▶ _ASSIGNMENT_: Copy from the first line below down to and including the line with "Funciona en condiciones bajo cero". Skip the pictures.

▶ _EXTRACTED INFORMATION_:
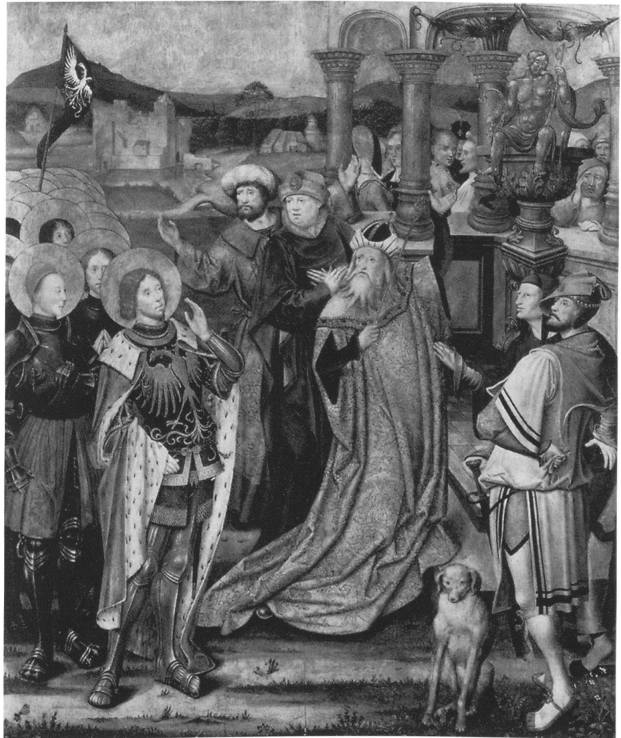
1 Maître de l'Autel de la Crucifixion de Munich, panneau intérieur gauche, Saint Maurice refuse de sacrifier aux idoles, 1517, peinture sur bois, 130 × 107 cm, Bayerische Staatsgemäldesammlungen, Alte Pinakothek, Munich.

son forfait d'une mort ignominieuse. Bien des années après le massacre, les restes des soldats furent révélés , c'est-à-dire retrouvés, par Théodore, qui fit construire une basilique ( basilica ) adossée au rocher d'Agaune pour recueillir les ossements des martyrs. Les pèlerins vinrent en nombre sur le tombeau, et des miracles se produisirent. Eucher en mentionne deux: la conversion d'un ouvrier païen travaillant à la construction de la basilique et la guérison d'une paralytique. Au terme de la Passio , il est précisé que la fête du martyre est célébrée le 22 septembre. Dans la missive jointe à son récit, Eucher prend soin d'ajouter qu'il tient ses informations d'Isaac, évêque de Genève, qui les aurait lui-même reçues de Théodore, évêque d'Octodure à la fin du IV e siècle.
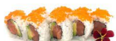
409. Ura Tobiko 8pz Salmone, avocado, uova di pesce e Philadelphia €10.00
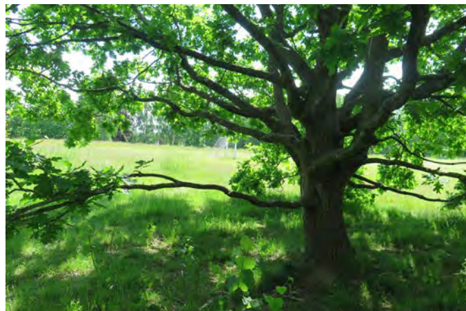
Figur H. Vid Äselunden lekplats finns flera ekar som det går bra att klättra i (24).
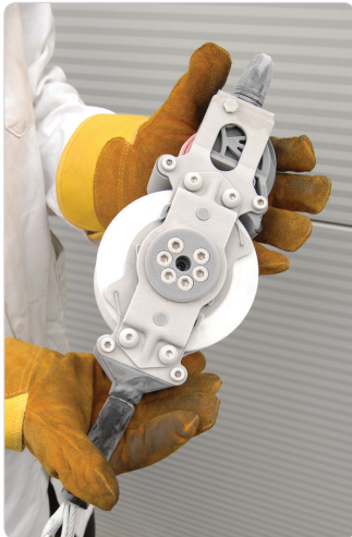
Funciona en condiciones bajo cero
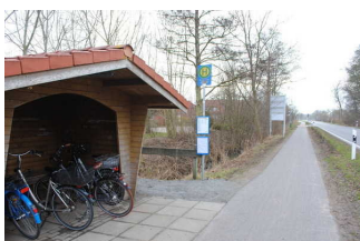
Weg von der Haltestelle zum Campingplatzgelände
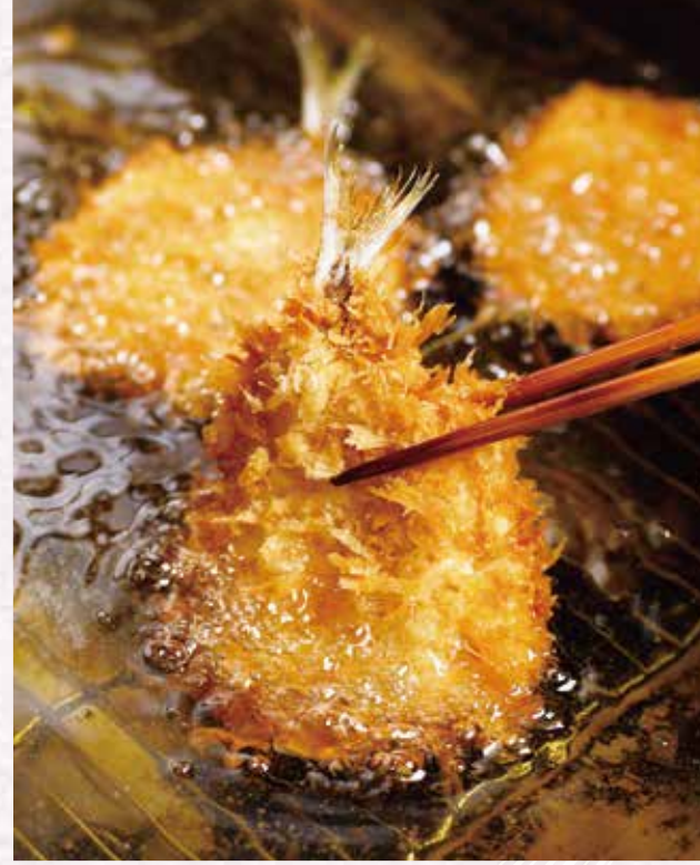
一枚一枚、黄金色に仕上げます。

市場直送の 新鮮なアジを こだわりのパン粉を手付けし サクツとした食感と ふわふわぷりぷりの 素材の美味しさを 堪能できます。

▶ _ANSWER TO THE EXERCISE_:
1 Maître de l'Autel de la Crucifixion de Munich, panneau intérieur gauche, Saint Maurice refuse de sacrifier aux idoles, 1517, peinture sur bois, 130 × 107 cm, Bayerische Staatsgemäldesammlungen, Alte Pinakothek, Munich.

son forfait d'une mort ignominieuse. Bien des années après le massacre, les restes des soldats furent révélés , c'est-à-dire retrouvés, par Théodore, qui fit construire une basilique ( basilica ) adossée au rocher d'Agaune pour recueillir les ossements des martyrs. Les pèlerins vinrent en nombre sur le tombeau, et des miracles se produisirent. Eucher en mentionne deux: la conversion d'un ouvrier païen travaillant à la construction de la basilique et la guérison d'une paralytique. Au terme de la Passio , il est précisé que la fête du martyre est célébrée le 22 septembre. Dans la missive jointe à son récit, Eucher prend soin d'ajouter qu'il tient ses informations d'Isaac, évêque de Genève, qui les aurait lui-même reçues de Théodore, évêque d'Octodure à la fin du IV e siècle.
409. Ura Tobiko 8pz Salmone, avocado, uova di pesce e Philadelphia €10.00
Figur H. Vid Äselunden lekplats finns flera ekar som det går bra att klättra i (24).
Funciona en condiciones bajo cero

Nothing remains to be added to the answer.